Brief: What is needed is a word-for-word copy of the lines below from the one with "Item: YAKTOOLS Diamond" through the one with "Este es un adorno", both included, with every picture left out.

Entries shown:
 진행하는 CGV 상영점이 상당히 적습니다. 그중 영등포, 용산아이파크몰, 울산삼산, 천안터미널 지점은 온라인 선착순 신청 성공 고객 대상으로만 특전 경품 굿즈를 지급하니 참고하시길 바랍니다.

--

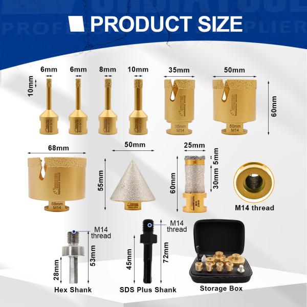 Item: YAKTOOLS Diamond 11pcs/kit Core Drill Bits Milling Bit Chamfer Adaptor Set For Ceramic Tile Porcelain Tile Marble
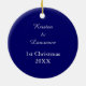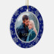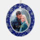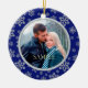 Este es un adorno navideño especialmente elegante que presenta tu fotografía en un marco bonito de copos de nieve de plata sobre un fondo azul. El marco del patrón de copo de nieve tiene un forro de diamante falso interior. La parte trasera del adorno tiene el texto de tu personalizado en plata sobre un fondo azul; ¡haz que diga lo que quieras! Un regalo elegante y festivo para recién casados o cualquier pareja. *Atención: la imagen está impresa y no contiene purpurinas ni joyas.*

...

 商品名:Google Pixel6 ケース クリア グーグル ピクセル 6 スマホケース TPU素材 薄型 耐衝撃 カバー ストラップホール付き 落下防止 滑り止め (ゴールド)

Task answer:
 Item: YAKTOOLS Diamond 11pcs/kit Core Drill Bits Milling Bit Chamfer Adaptor Set For Ceramic Tile Porcelain Tile Marble
 Este es un adorno navideño especialmente elegante que presenta tu fotografía en un marco bonito de copos de nieve de plata sobre un fondo azul. El marco del patrón de copo de nieve tiene un forro de diamante falso interior. La parte trasera del adorno tiene el texto de tu personalizado en plata sobre un fondo azul; ¡haz que diga lo que quieras! Un regalo elegante y festivo para recién casados o cualquier pareja. *Atención: la imagen está impresa y no contiene purpurinas ni joyas.*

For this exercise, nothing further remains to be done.